Potential neuroprotective effects of heat-killed Lactococcus lactis KC24 using SH-SY5Y cells against oxidative stress induced by hydrogen peroxide

Sung-Min Lim 1, Na-Kyoung Lee 1, Hyun-Dong Paik 1,
PMCID: PMC7708562  PMID: 33282440

Abstract

The present study was an investigation of the neuroprotective effects of probiotic bacteria in SH-SY5Y neuroblastoma cells experiencing oxidative stress. The bacterial strains were: commercial Lactobacillus rhamnosus GG; two isolated bacterial strains (Lactobacillus delbrueckii KU200170 and Lactobacillus plantarum KU200661); and probiotic Lactococcus lactis KC24. To evaluate the neuroprotective effects of the bacteria, a conditioned medium (CM) was prepared using HT-29 cells cultured with the heat-killed probiotic strains.
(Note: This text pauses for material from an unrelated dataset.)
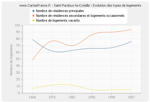 Les graphiques suivant reprennent l'historique du nombre et du type de logements de Saint-Pardoux-la-Croisille de 1968 à 2007. Le deuxième graphique est tracé en interpolation cubique. Ceci permet d'obtenir plus précisément le nombre de logement du village de Saint-Pardoux-la-Croisille les années ou aucun recensement n'a été effectué.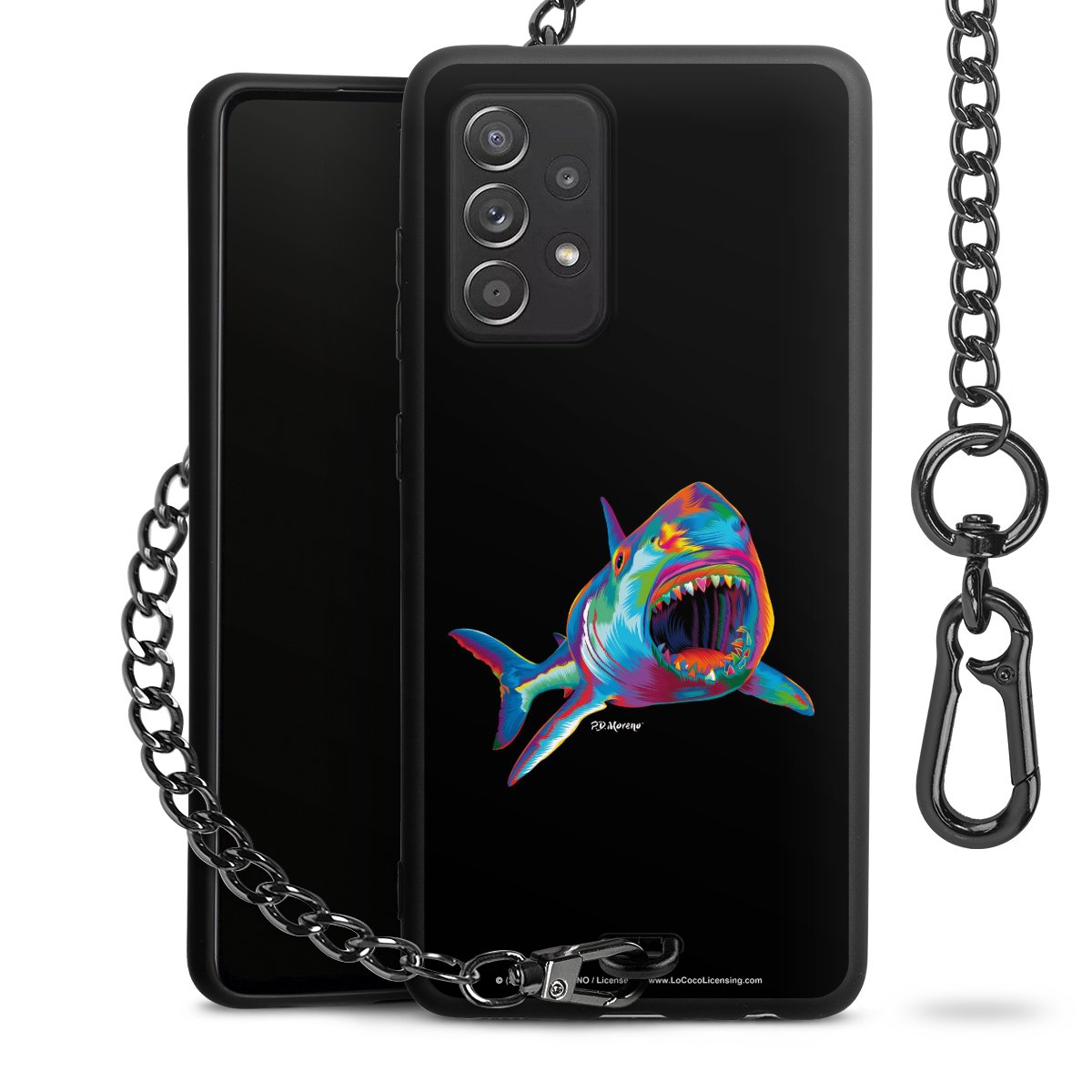 Die Handyhülle verfügt über eine mittig am unteren Rand platzierte Öse, an der die Metallkette stabil befestigt ist. Bestelle die Hülle einfach für Dein Smartphone-Modell, dann passt sie wie angegossen und Du brauchst sie bloß einmal anzudrücken. Handy in die Tasche, Karabiner an den Hosenbund – schon kann die Party starten.

Of the bacterial strains tested, the oxidatively stressed SH-SY5Y cells were most viable when cultured with L. lactis KC24-CM. L. lactis KC24-CM promoted the expression of brain-derived neurotropic factor (BDNF) in the HT-29 cells. It also significantly increased BDNF expression and reduced the apoptosis-related Bax/Bcl-2 ratio in the oxidatively stressed SH-SY5Y cells. Therefore, L. lactis KC24 is a potential psychobiotic for use in the functional food industry.

Keywords: Probiotics, Lactococcus lactis, Gut-brain-axis, Neuroprotective effect, Conditioned medium

Introduction

Neurobiological investigations into gut–brain crosstalk have revealed two-way communication that ensures gastrointestinal homeostasis, and have multiple effects on the neuronal activities of the brain that are associated with motivation and higher cognitive functions (Mayer, 2011; Foster and Neufeld, 2013). Two-way communication can be explained the autonomic nervous system, the enteric nervous system, the neurodendorcine system, and the immune system. These networks were affected by the gastrointestinal tract. The microbiota of the gut comprises over 5000 bacterial species (Carabotti et al., 2015). The modulatory effect of probiotics on the intestinal microbiota improves the intestinal barrier and mucosal immune response, thereby facilitating the treatment of microbe-related diseases (Holmes et al., 2011).

Reactive oxygen species (ROS) originate from both exogenous and endogenous sources, and can damage proteins, lipids, and other molecules. However, ROS are also essential for cellular function, and can be safely metabolized by an antioxidant mechanism (Phaniendra et al., 2015). The oxidative stress induced by ROS can contribute to pathologies including cancer (Valko et al., 2006), cardiovascular disease (Dhalla et al., 2000), diabetes (Giugliano et al., 1996), and aging (Sohal and Weindruch, 1996). The brain is particularly vulnerable to the effects of ROS because it has a high oxygen demand and an abundance of lipid cells (Leutner et al., 2001).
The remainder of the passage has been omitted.